# Audio upgrade for 7P T3 T-regs!



## AndySwede (Apr 22, 2013)

Before you drain your wallet for expensive upgrades - try the Match PP52. Moved it over from my (sold) 2012 Tiguan to my new ride, a 2014 Touareg R-Line V6 TDI with RNS 850 and standard audiosystem. 
As said - the standard audio sucks. But the Match brings it to life with factory speakers. It is almost unbeliveble how much "untz" you get from the original paper cone speakers. If you planning of upgrading the original speakers (wich is a good thing) you will still need an extra amp since the factory amp is very weak.

I am not anal about audio but I´m still picky about how it sounds. And for those who don´t enjoy spending time building car audio systems - it is a straight forward plug and play solution. It even gives you a line-out for a sub. My next upgrade is to add a Alpine Sub i already have. I just need to figure out how to run a new power cable from the battery to power up the sub and give the Match a better powerline wich will increase the performance. 

http://www.audiotec-fischer.de/lng/en/pp-52dsp.html


----------



## .LSinLV. (Nov 13, 2009)

AndySwede said:


> Before you drain your wallet for expensive upgrades - try the Match PP52. Moved it over from my (sold) 2012 Tiguan to my new ride, a 2014 Touareg R-Line V6 TDI with RNS 850 and standard audiosystem.
> As said - the standard audio sucks. But the Match brings it to life with factory speakers. It is almost unbeliveble how much "untz" you get from the original paper cone speakers. If you planning of upgrading the original speakers (wich is a good thing) you will still need an extra amp since the factory amp is very weak.
> 
> I am not anal about audio but I´m still picky about how it sounds. And for those who don´t enjoy spending time building car audio systems - it is a straight forward plug and play solution. It even gives you a line-out for a sub. My next upgrade is to add a Alpine Sub i already have. I just need to figure out how to run a new power cable from the battery to power up the sub and give the Match a better powerline wich will increase the performance.
> ...


:thumbup: do they sell to North America?


----------



## gtibobvr6 (Dec 21, 2000)

.LSinLV. said:


> :thumbup: do they sell to North America?
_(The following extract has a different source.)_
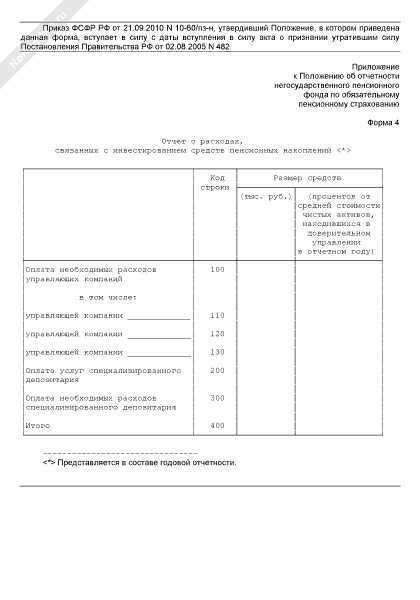 - 1866Формы отчетности негосударственного пенсионного фонда по обязательному пенсионному страхованию. Отчет о расходах, связанных с инвестированием средств пенсионных накоплений (форма № 4)
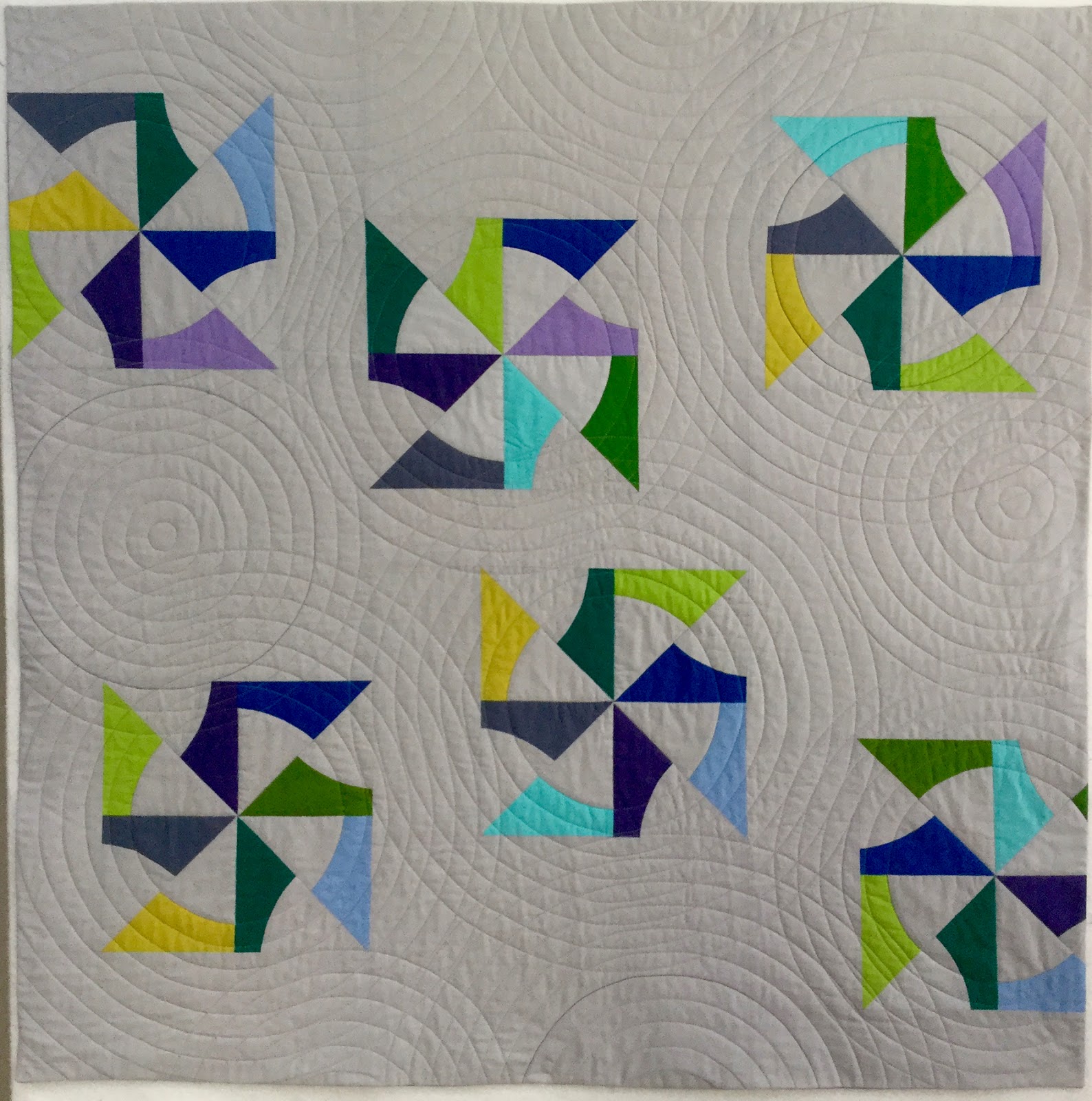 Sarah Shulman’s play with the drunkard’s path block led her to challenge herself to only use drunkards path blocks she had leftover from a previous project. It is called “Disappearing Drunkards Path.” “I pieced them together to make half square triangle blocks and when laying those out on the design wall saw a secondary pinwheel design. I used negative space to define the pinwheels, and I chose concentric circle quilting to further emphasize the circular shapes.”

Assuming this is the same unit, Crutchfield sells it:

http://www.crutchfield.com/S-KUTti4FmNmb/p_975PP52DSP/Match-PP52DSP.html


----------



## AndySwede (Apr 22, 2013)

Yes, that is the same unit. Just make sure you buy the car specific adapter.


----------



## AndySwede (Apr 22, 2013)

Dookay said:


> I am considering this very same option for my 2016 T3 Touareg without Dynaudio. Which harness did you use? The PP-AC92C? The North American guys won't say anything for sure since it's not on their website. Whatever worked for your system, should work for mine.


Yes, I can confirm that the PP-AC92C will work. You will connect it where the factory amp is located, behind the trim on the right hand side of the trunk. Depending of your other options there will be enough space to fit the amp there. However, I have mine in the spare wheel area. 

I have now upgraded the front door speakers and fitted a huge amount of Silent Coat to the inner door card. This made a huge difference, even though I still have many hours left to break in the new speakers.! I will soon do the same to the rear doors.


----------



## AndySwede (Apr 22, 2013)

Dookay said:


> Good deal, thanks much. Did you run a separate power wire or used the harness for power?
> 
> 
> Sent from my iPhone using Tapatalk


At the moment I use the power from the factory harness. My next upgrade is to run a new power wire from the battery to the Match and to a Alpine sub box with integrated amp. 
The Match has a output for a sub, no need for tapping a signal from the factory setup harness.


----------



## AndySwede (Apr 22, 2013)

Dookay said:


> Good deal, thanks again. You weren't interested in the plug and play Match suibwoofer, which could also be powered by the PP52DSP?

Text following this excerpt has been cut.